Mom Of 3 Opens Up About The Brutal Reality Of Parenting During A Pandemic

I admit it: There are two different versions of me when it comes to being a parent. One of them is the version I like the world to see: funny, calm and creative — the mom who throws together a mini-production of “Les Miserables,” using an old red beret and broom, followed by hot chocolate, croissants, and a kid-level talk about why 19th-century France sucked.

But there’s another mom within. Let’s call her … Mommy Dearest. Mommy is one of those people who are very, very nice, until she’s very, very not. She’s given to grinding her teeth in frustration and yelling. So if I have two distinct parenting personalities — nice and uh-oh — which one will win out while I am stuck at home with three kids and no break for what is starting to feel like forever?

Rachel Spalding

As the world waits out COVID-19, unemployment numbers are at historic highs and hundreds of thousands of people have lost their lives. I get the seriousness. I get that as I sit here with food in the fridge and toilet paper in the bathroom, things could be much worse.
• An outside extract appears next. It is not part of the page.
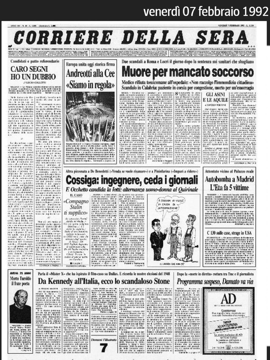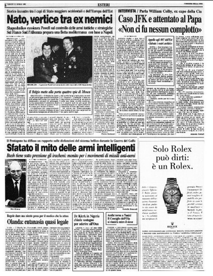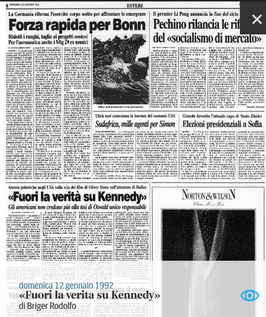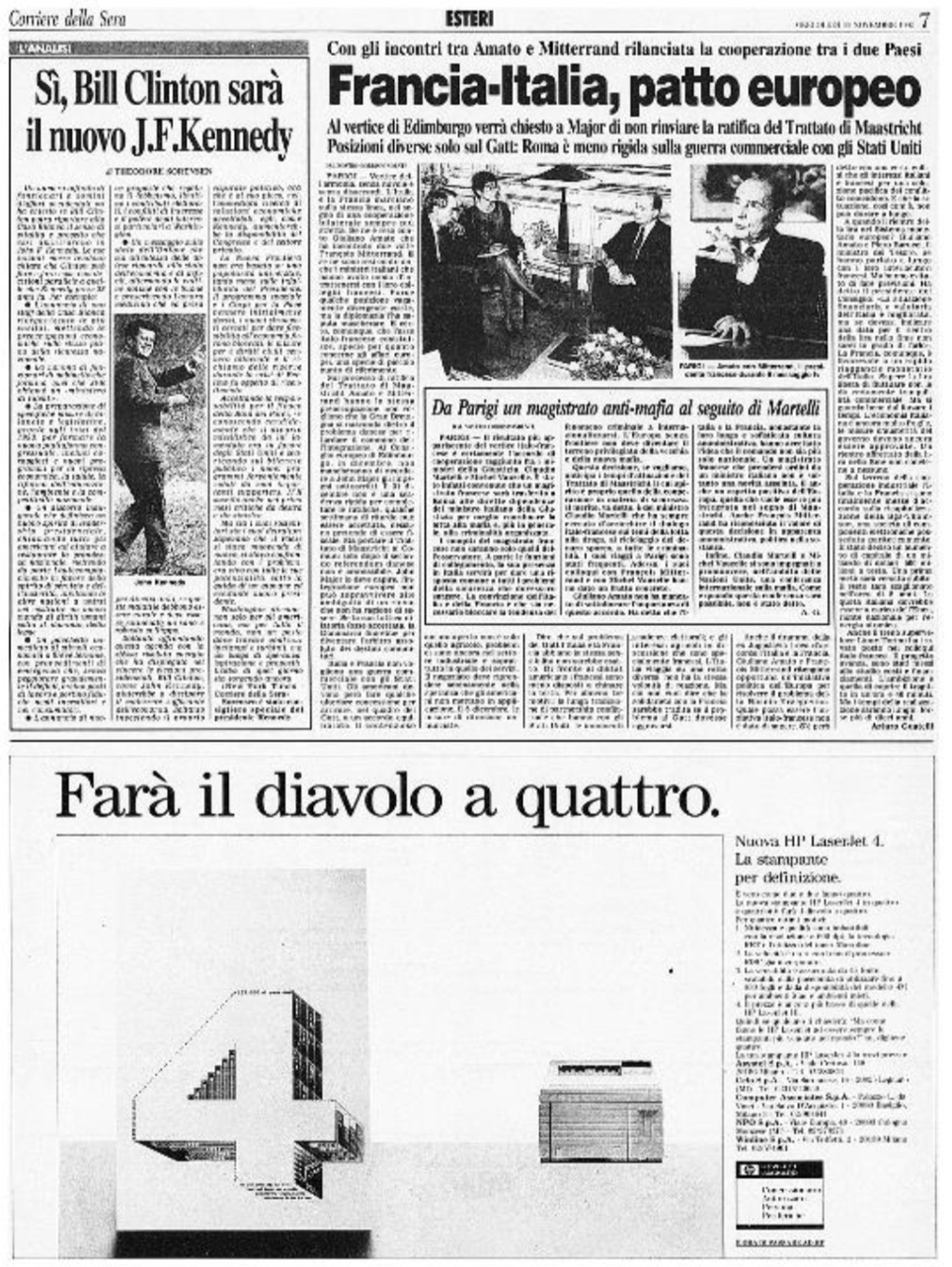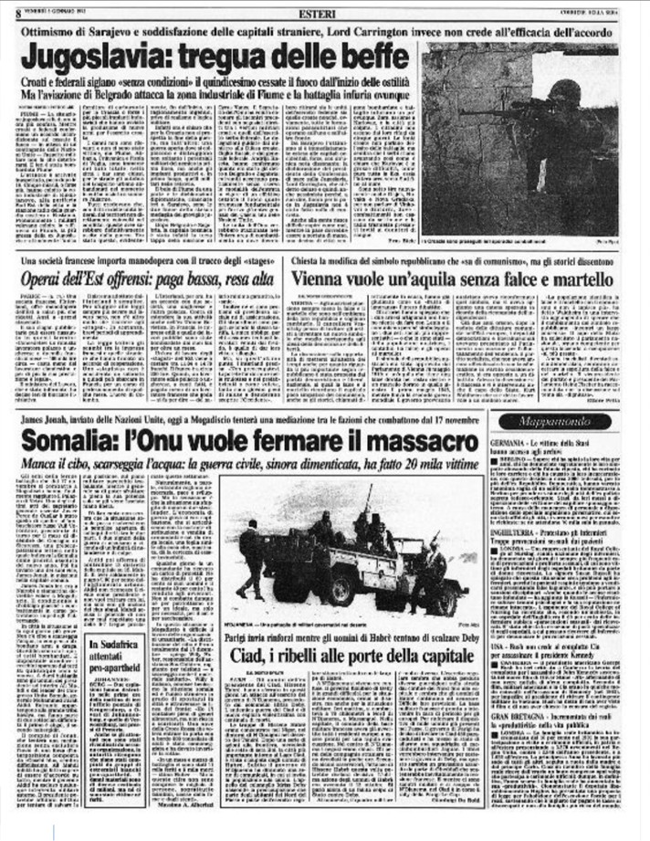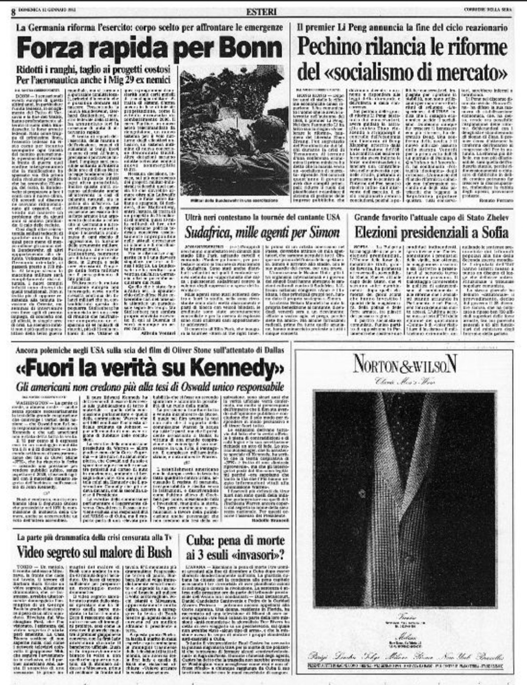 Copy of an article from CORRIERE DELLA SERA dated January 3, 1992.
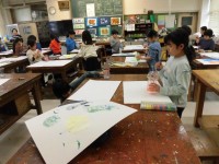 2年生の授業は図工です。洗剤に絵の具を混ぜ泡をつくって、画用紙の上に落としていま...

But staying in my house ALL day and ALL night means the people I love most — my husband and my three daughters, ages 15, 14 and 8 — will inevitably be on the receiving end of my good and bad moods, my embarrassing Dr. Jekyll-to-Mr. Hyde personality flip (without the murderous subplot, just so you know).

As a writer who’s working on a master’s degree, I’m now also expected to run a home school with three grade levels. That’s a lot for someone like me because of the unrealistic expectations I set for myself. Even in better times, I always found school breaks hard because I exhaust myself with my own plans.

The expectations I have for a week off involve activities both fun and educational: Hitting the art museum one day, with drawing practice afterward and baking a gorgeous red velvet cake from scratch the next, featuring a unit on measuring, plus a video on how wheat is milled into flour.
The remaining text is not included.